NOTCH mutation and reduced expression at the protein level were detected only following the transformation
[15].
The expression levels of
ACSL1 and
MTOR were higher in LUAD, while those of
NOTCH1/2,
CSF1R, and
JAK1 were lower than in transformed SCC. Additionally,
EGFR expression disappeared in the transformed SCC compared to that in LUAD, and
Rb expression was not observed in either LUAD or the transformed SCC. They also focused on the expression of
ASCL1, a downstream gene of Notch signalling regulated through HES-1 and HEY-1, which act as ASCL1 transcriptional repressors.

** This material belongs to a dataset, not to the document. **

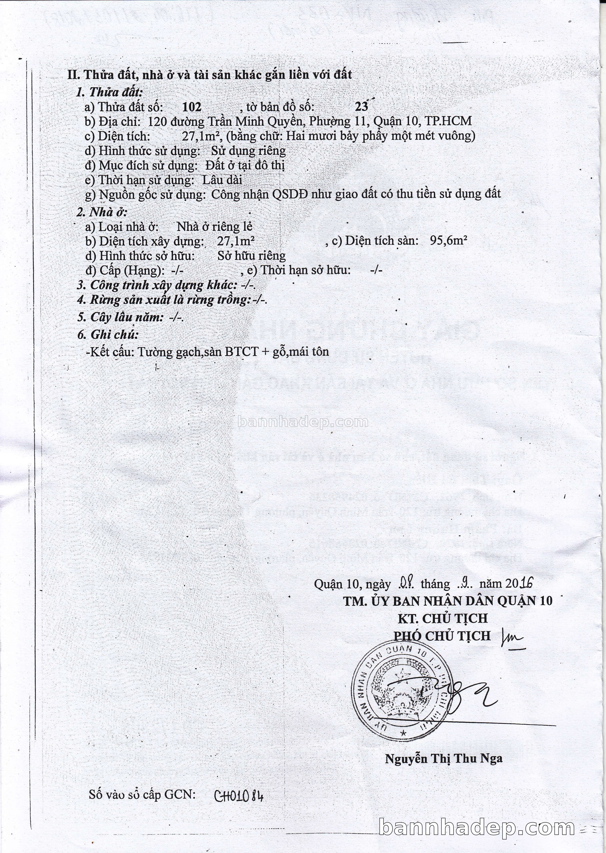 Bán nhà 120 Trần Minh Quyền phường 01 quận 10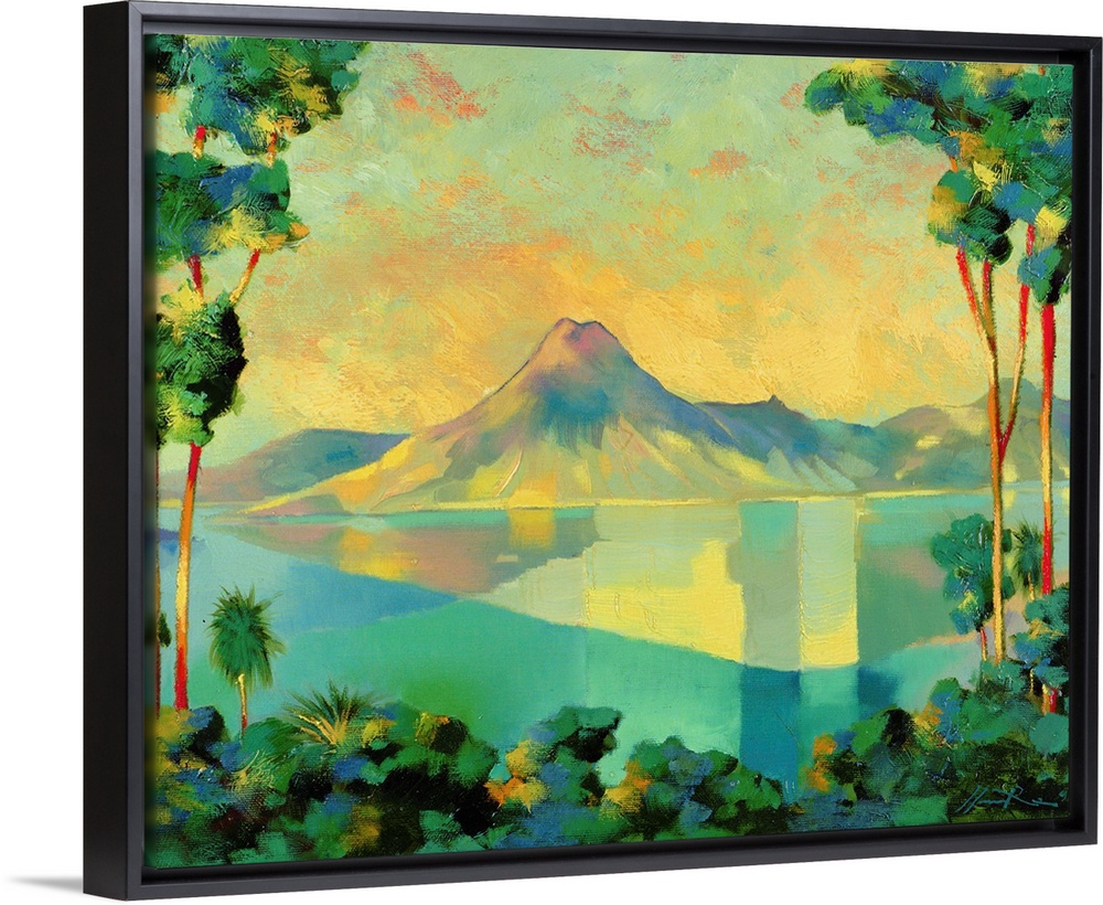 <p>Contemporary painting of a peaceful lagoon landscape.</p>

ASCL1 expression was found to be higher in SCC transformed tissues.
TP53 alteration was detected in the paired samples of both LUAD and transformed SCC in all three cases. Aberrations in
TP53 were detected in all three cases as non-synonymous coding or frame-shift effects, which resulted in amino-acid changes. The authors hypothesised that the inactivation of
p53 and
RB1 emerged during carcinogenesis, and tissues that acquired
Notch inactivation subsequently transformed, since neuroendocrine differentiation did not occur in tissues lacking
NOTCH inactivation.
NOTCH2 expression was negative in the transformed SCC, but positive in LUAD.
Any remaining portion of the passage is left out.